I know that for the past 30 years a fictional boxer has replaced Ben Franklin as the city’s icon. Rocky Balboa has come to symbolize the underdog spirit of a city that never quits, that always fights to the last bell, win or lose. And I’ll always love Rocky as much as I love Ben. But it’s time for a change.
January 19, 2009 is the 200th anniversary of Edgar Allan Poe’s birth. Poe, in case you hadn’t heard, wrote most of his greatest works while living in Philly. Poe’s genius flourished here. This city, in the early 1840s, was the crucible for his imagination. He may have briefly lived in other cities during his life. He may have died in Baltimore (while on his way back to Philly). But his writing career was set afire in a flaming channel of literature known as Philadelphia Gothic that you can still see in writers today.
We don’t need the literal bones of Edgar Allan Poe. We need to appropriate his legacy. For over a century Poe has been maligned as crazy, drug-addled, drunk, his macabre tales proof of a disordered mind. But the truth is that Poe was a dedicated professional writer, who created a substantial body of work that has had enormous influence on all of literature.
Poe invented the mystery/detective story, which has burgeoned into the largest of literary genres. Poe is also the forefather of both the horror and science fiction genres. Poe was the greatest American literary critic of his time. Poe was a poet whose verse would outlast the scribblings of most of his contemporaries.
Where does Poe accomplish all this? While living in Philadelphia. Philly, in all its tumbling mess of democracy, strife, toil and glory, is the kind of place where the greatest American writer needed to be, to hone his vision, to perfect his craft.
And Poe’s life had all those Rocky undertones, as well. Except Poe was real, not some fictional character. Poe battles poverty and adverse critical opinion in search of his own glory, always just out of reach. He never quite wins the fight. Then, after death, he is finally crowned the laurels due him in life. He triumphs after death.

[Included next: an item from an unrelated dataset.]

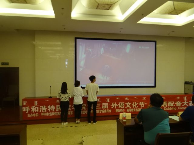 来自内蒙古师范大学的丽丽老师、阿拉腾宝力格老师和我校外语系英语教研室潘兴安老师、曼杜呼老师担任大赛评委。本次比赛共有7组选手进入决赛,配音作品有《神偷奶爸》《马达加斯加3》《冰雪奇缘》《守护者联盟》《穿普拉达的女王》《愤怒的小鸟》《朝五晚九》等影视作品及动画片选段。参赛选手充分发挥想象力和创造力,将配音人物性格刻画地淋漓尽致、惟妙惟肖。比赛历时2个小时,最终2016级日语班的《朝五晚九》荣获一等奖,《神偷奶爸》和《穿普拉达的女王》荣获二等奖,其余四组选手分获三等奖。2015级英语教育3班的哈尔吉同学和2016级日语班的苏义拉乌德勒呼同学分获最佳男配音奖和最佳女配音奖。

Ben Franklin was a great icon for a time when we wanted to whitewash the past, see it in terms of all its possibility, but not its limitations. Franklin’s story is the buttoned-down version of the American Dream, complete with corny aphorisms. Don’t get me wrong, Franklin was brilliant and led an extraordinary life. But have you read his Autobiography lately? Not very inspiring for most people living in a 21st Century city.
Poe is the creative genius for our time, unafraid to show the wicked along with the good. Willing to work hard and keep pursuing the dream, even when life kept knocking him down. Off-center, but firm in his conviction that his was the right way to look at the world. And in the end, he was right.
That’s why we still read him.
The Poe Bicentennial starts here. Don’t come to Philly for the Bell. You’ve seen a thousand pictures of it in your lifetime. Don’t come here for Ben. Read a book about him. Don’t come here for Rocky. Watch his movie. Come for Poe. He lived in Philly, wrote his greatest works in Philly and represents all that is inspiring and terrifying about not only Philadelphia, but about America.
Poe is ours and we want the world to come celebrate with us.